Step 4: Letter from the Editors

When three referee comments have arrived, I send these to the senior editors. We are fortunate to have some world class scholars on our refereeing panel ,who often provide lengthy and detailed reports. The editors read these, and use them to guide their decision about the paper’s future. There are five possible suggestions that a referee can make:

Accept without corrections

This happens once in a blue moon. I have been working on the journal for almost four years and during that time only one paper has flown through the process in this way! Please don't be discouraged if your paper does not receive this outcome.

Accept with minor corrections

Also a rare outcome, achieved by only the most polished papers. Minor corrections involve you making small tweaks and attending to matters of detail (perhaps adding a paragraph here or there to explain something in more depth). We expect you to be able to complete this level of revision in 2 months.

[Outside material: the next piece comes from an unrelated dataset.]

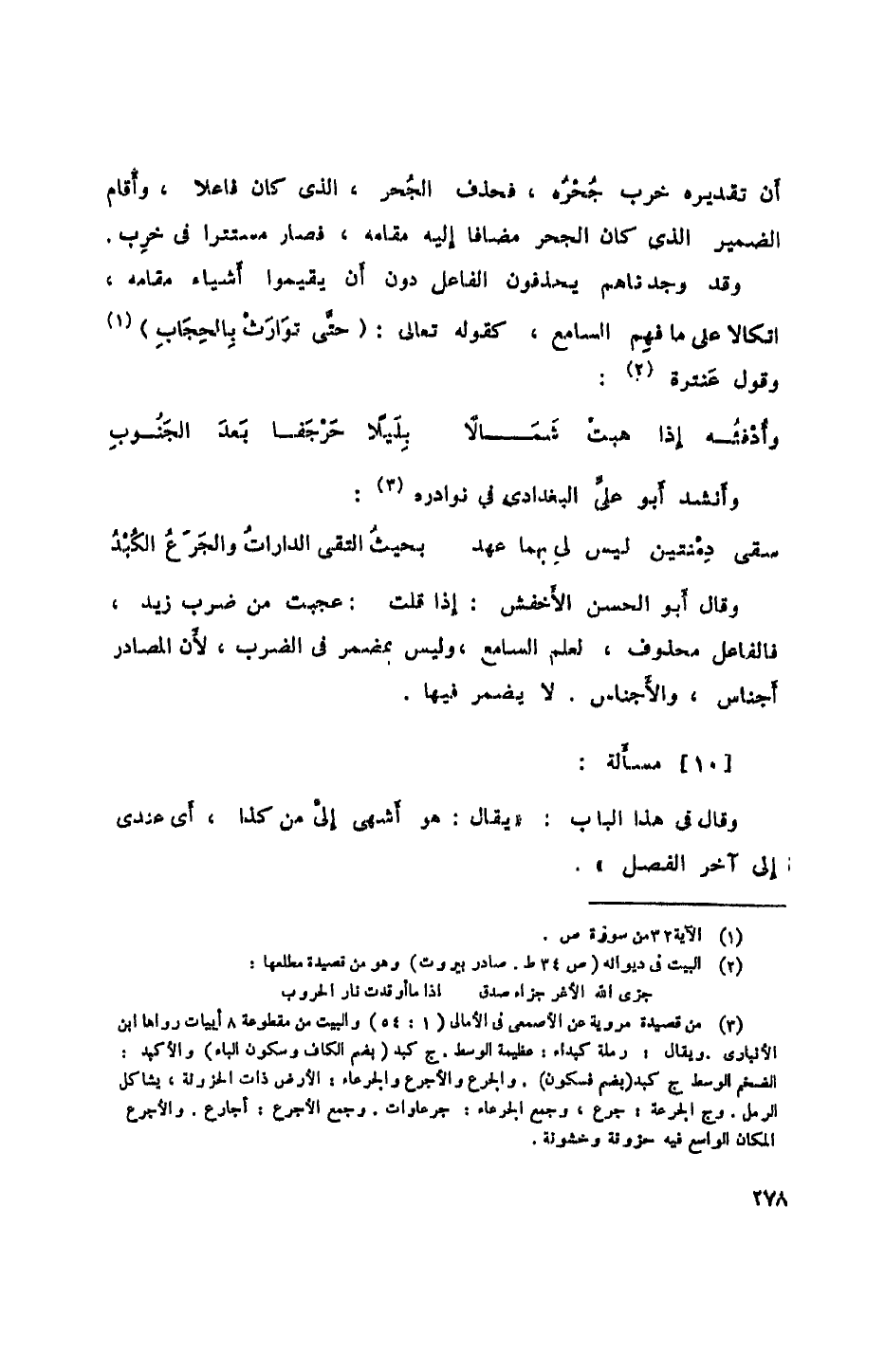 وقد وجدناهم يحذفون الفاعل دون أن يقيموا أشياء مقامه، اتكالاً على ما فهم السامع، كقوله تعالى: (حتى توارث بالحجاب) وقول عنترة: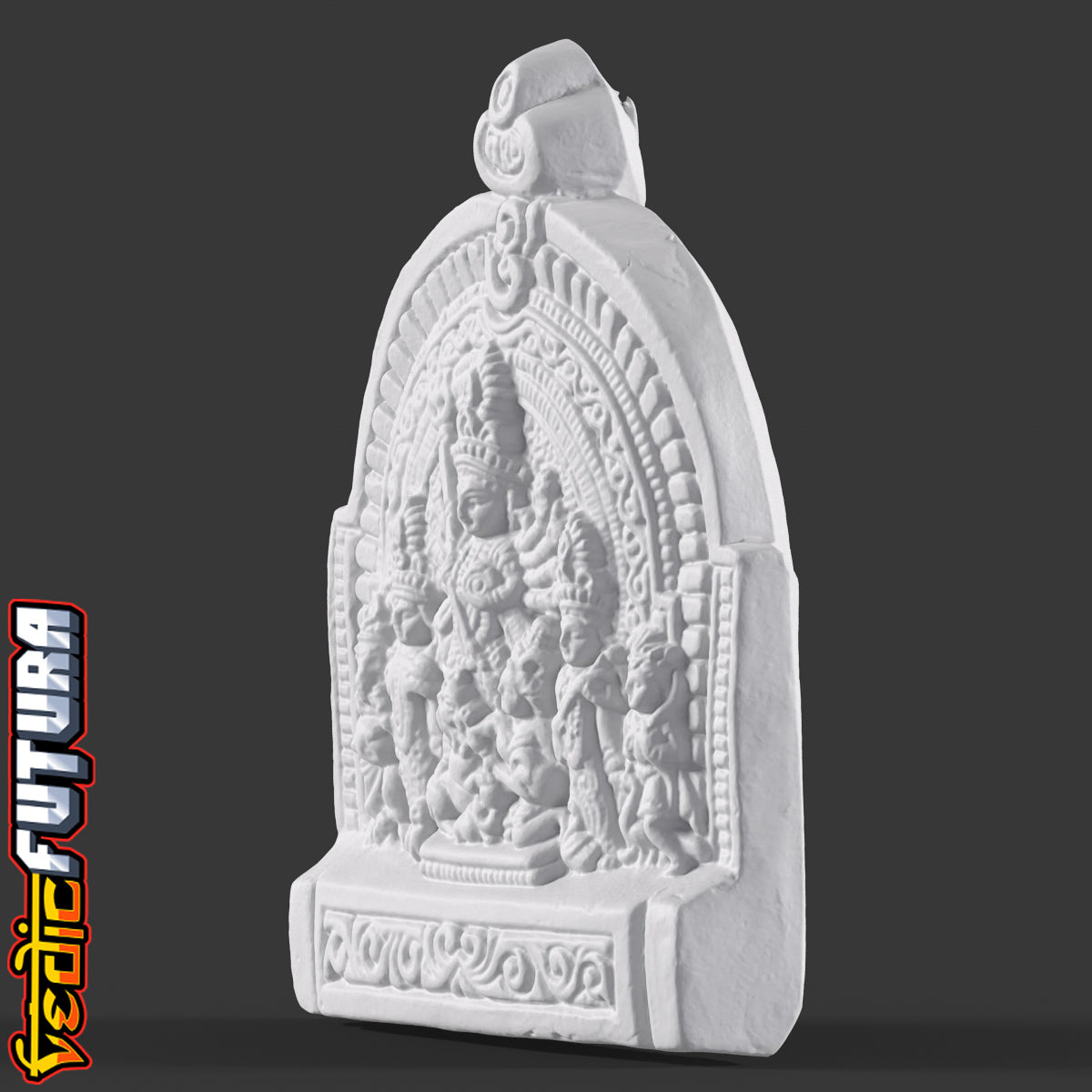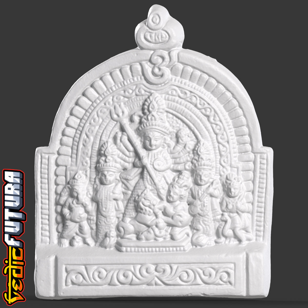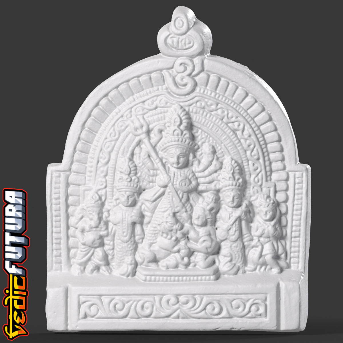 Durga's legend centers around combating evils and demonic forces that threaten peace, prosperity, and dharma, representing the power of good over evil. Durga, on her lion, appeared before Mahishasura where the demon took on different forms and attacked the goddess. Each time, Durga would destroy his forms. At last, Durga slew Mahishasura with her trident when he was transforming as a buffalo demon. On the two extreme ends are Ganesha and Subramanya (aka Kartikeya) riding a peacock. With this avatar of their mother Paravati, the boy gods signify knowledge and strength respectively. Identifiable by the swan (purity) and owl (wisdom) this intricately crafted terracotta piece is flanked on the sides by the two supreme goddesses, Saraswati and Lakshmi. Along with the Mother of the Vedas, Saraswati and the Goddess of Prosperity Lakshmi, these three together form the Hindu pantheon.

Accept with major corrections AND Revise and resubmit

I'm grouping these two together because the line between ‘major corrections’ and ‘revise and resubmit’ is blurred. Both options require you to undertake some fairly major structural and substantive work on your paper – which means setting aside several days for careful thinking and reworking in order to respond to referee comment properly. We allow authors 6 months to complete major corrections.

Reject

Unfortunately, sometimes the referees disagree with the editors, and decide that an article isn’t of publishable quality. Regrettably, we then have to reject the submission.

What happens when referees disagree?

It is quite common for the three referees to produce there reports with entirely different recommendations about the paper. For example, we often face a situation where one referee recommends minor revisions, one wants to see major revisions, and the third advises rejection of a paper!

Unlike some other journals where editors send out contradictory referee reports and leave the author to make sense of the confusion, at Planning Theory and Practice we aim to steer authors through the process of revision. To this end, our senior editors spend a considerable amount of time discussing referee comment and writing you a detailed and personalized letter explaining which features of the comments they believe are most significant. They use this letter to outline exactly what they feel needs to be done.

Essentially, this means that when you receive the letter, you are obtaining no less than five people’s ideas about your work!

It normally takes around 2 weeks for the editors to write their letter.

The average time lapse between original submission and receipt of an editorial decision letter is 12 weeks.